> It’s also not the case in 99% of US claims. [...] Surely, there are mistakes made, but there is no standard operating procedure at insurance companies to deny healthcare.
This is so out of sync with the experience of everyone i know that i wonder if you've interacted with the healthcare system at all beyond checkups and occasional antibiotics.
I'll chime in with an opposing anecdote about managing the healthcare for my father with cancer. Dealing with a large insurer, we have no problems with being denied coverage, timely prior approvals, and while some of the copays are high, they are not unreasonable for the plan he chose. Whenever I call, the agents are pleasantly helpful. My main complaint is with providers' fraudulent billing ("cost": $500, "adjustment": $390, insurance: $65, copay: $45), and the worst thing I've had to do was sometimes wait after receiving a billing nastygram, for the claims to settle out.
Of course he is of Medicare age, so this is a Medicare Advantage plan that is still bound by many of the Medicare rules and copay schedules. I can't imagine going through the same thing with my own insurance.

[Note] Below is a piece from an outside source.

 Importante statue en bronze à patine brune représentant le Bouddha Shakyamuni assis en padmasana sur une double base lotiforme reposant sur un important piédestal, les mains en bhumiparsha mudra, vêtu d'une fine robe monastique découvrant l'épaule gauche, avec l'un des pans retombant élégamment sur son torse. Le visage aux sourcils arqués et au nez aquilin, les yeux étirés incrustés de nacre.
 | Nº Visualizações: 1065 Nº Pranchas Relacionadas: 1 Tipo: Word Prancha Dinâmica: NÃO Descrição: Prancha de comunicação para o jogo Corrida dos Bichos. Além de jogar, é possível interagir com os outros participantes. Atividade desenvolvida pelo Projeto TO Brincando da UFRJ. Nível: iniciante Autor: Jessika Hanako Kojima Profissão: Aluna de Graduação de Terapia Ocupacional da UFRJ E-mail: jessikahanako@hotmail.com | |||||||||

If it was true that insurers are routinely erroneously denying care, then people would be taking advantage of the ACA law that mandates external review of all claims and subjects insurers to the external’s reviewers’ decision.

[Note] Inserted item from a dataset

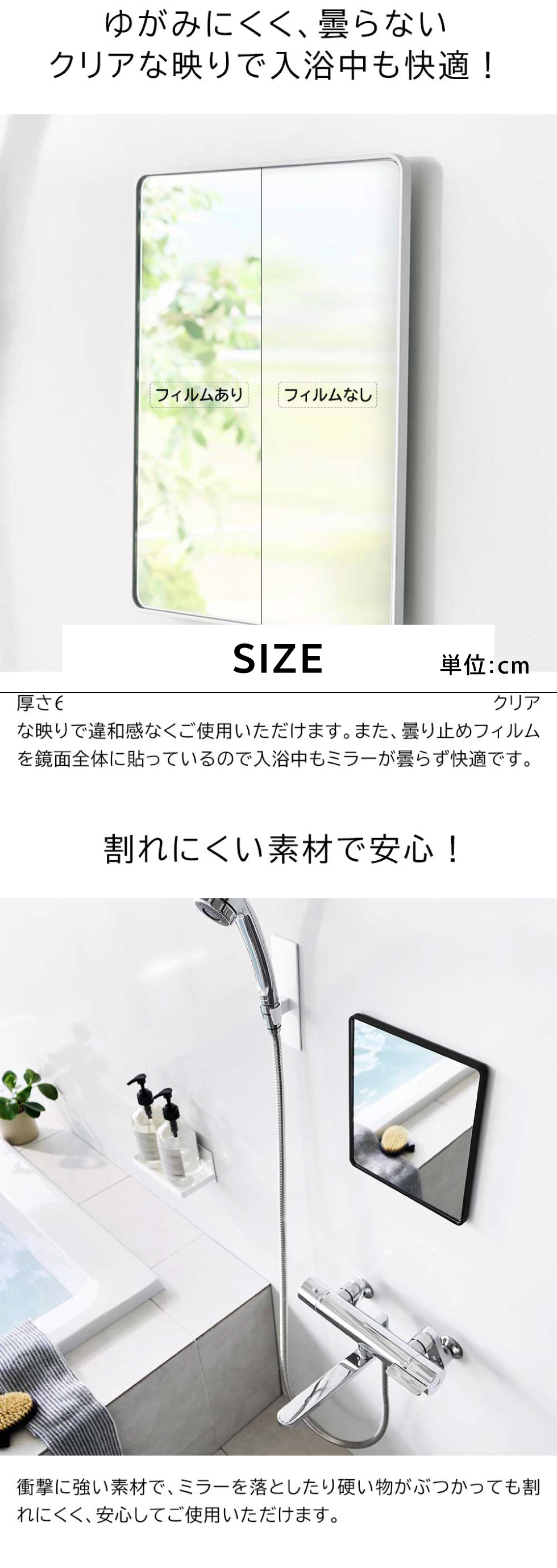 落としても割れにくい樹脂ミラー角型です。マグネットでお好みの場所に簡単に設置できます。曇り止め加工を施した厚さ6mmの樹脂製バスルームミラーで、ゆがみにくく衝撃にも強い仕様です。フレームと壁の隙間に指を入れやすい形状で、取り外しも簡単。お掃除がしやすく清潔に保てます。さらに、曇り止めフィルムを全面に粘着加工しているため、快適にお使いいただけます。

I’m bipolar and every month I’m dealing with insurance medication denying extreme common, proven, and relatively cheap first-line medications. My insurance constantly requires exemptions and referrals for every step of my treatment. Even for things that have already been approved.
At this point, it would be cheaper and easier to manage everything myself. The only problem is, if I don’t use my insurance, the out of pocket maximum for inpatient treatment would be so expensive I’d refuse treatment and risk killing myself or harming other people. (Which is very much non-zero.)

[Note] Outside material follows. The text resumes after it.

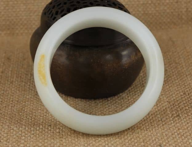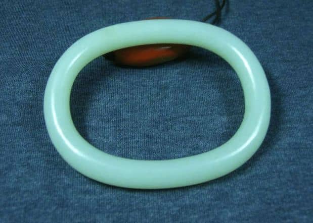 这种和田玉手镯的一个最主要的特点就是:内平外圆。这种设计可以说从一定程度上节省了玉料,而且从审美上看,现代人也最喜欢这种款式的和田玉手镯。

As a child, my parents constantly fought insurance to get life-threatening allergies treated.
You seriously over-estimate how much people know about their rights and the time they are willing to spend exercising them. But you are right that they should.
That's actually very interesting. Although the article is from Apr 2014, it has some statistics that may be relevant to insurers erroneously denying coverage:
>Insurers say only about three percent of claims are denied.
>California data show about half the time a patient challenges a denied health care service through a third party, the patient wins and gets the health service.
If we assume that denied claims that were overturned were erroneously denied coverage by the insurance company, then half is a huge error proportion, one that would make me think the insurance company is doing it intentionally, or at least intentionally not doing it right.
But maybe the ones that got appealed are closer to being decisions that could go either way and the ones that don't get appealed are black and white cases that were clearly covered or not covered.
It’s easy to lie with statistics. I’d be willing to bet lots of money that it’s 1% because the vast majority of claims are doctors appointments and other very routine things and that major medical procedures, that are less common though more impactful, make up a disproportionate number of denials.
This is so out of sync with the experience of everyone i know that i wonder if you've interacted with the healthcare system at all beyond checkups and occasional antibiotics.